Choctaw Native American director, playwright and professor (born 1961)

Randy Reinholz (born December 11, 1961) is a Choctaw Native American director, playwright, and professor.

He is the co-creator of Native Voices, a Los Angeles-based theater company that produces new work by indigenous playwrights.

Reinholz is the director of the School of Theatre, Television, and Film at San Diego State University, located in San Diego, California.

== Early life and education ==

He was born December 11, 1961, in St. Louis, Missouri.

Reinholz received a Bachelor of Arts degree from William Jewell College, located in Liberty, Missouri; and a Master of Fine Arts degree in theatre from Cornell University, located in Ithaca, New York.

He is an enrolled member of the Choctaw Nation. His grandmother was also a member of the Choctaw nation and asked for his enrollment. He learned about his ancestry from his visits with his grandparents who lived in Durant, Oklahoma. Reinholz himself, lived in several small midwest town growing up in Missouri, North Dakota, and Texas.

== Career ==
In 1989, Reinholz played Adam Scott on the NBC soap opera Days of Our Lives.

Reinholz has directed more than seventy-five productions across the U.S., Australia, and Canada.

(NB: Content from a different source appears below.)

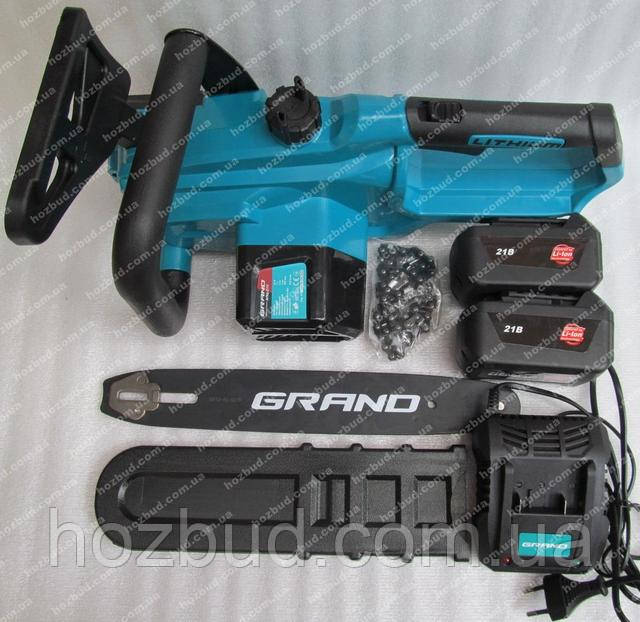 Акумуляторна пила ланцюгова GRAND АПЦ-21V Professional (4 А/год, 21 Вольт). Представлена модель є новинкою в лінійці інструменту торгової марки GRAND. Живлення пили відбувається від сучасного та практичного джерела — Li-ion акумулятора. Конструкція пили досить компактна та зручна у використанні, натяжка різального ланцюга здійснюється вручну, без використання додаткового інструменту. Автоматичне змащення ланцюга максимально оптимізує весь робочий процес. Основна перевага акумуляторного інструменту, безумовно, повна автономність застосування. Робота пилки не обмежується довжиною кабелю живлення від мережі або наявності паливної суміші. Крім цього, акумуляторна пила не викидає шкідливих газів у повітря. Такий інструмент знайде широке застосування як у домашньому арсеналі, так і на промисловому рівні.

In 1993, he and his wife, Jean Bruce Scott, co-founded Native Voices, a theatre company at the Autry Museum of the American West dedicated to producing new work by indigenous playwrights.

For a decade, he led the acting program at San Diego State University's School of Theatre, Television, and Film, becoming its director in 2007. In 2012, he was appointed Director of Community Engagement and Innovative Programs for the College of Professional Studies and Fine Arts at SDSU.

Reinholz's play Off the Rails, an adaptation of Shakespeare's Measure for Measure from a Nativeź-American perspective, was produced by Native Voices in 2015. In 2017, it became the first play by a native writer to be presented by the Oregon Shakespeare Festival.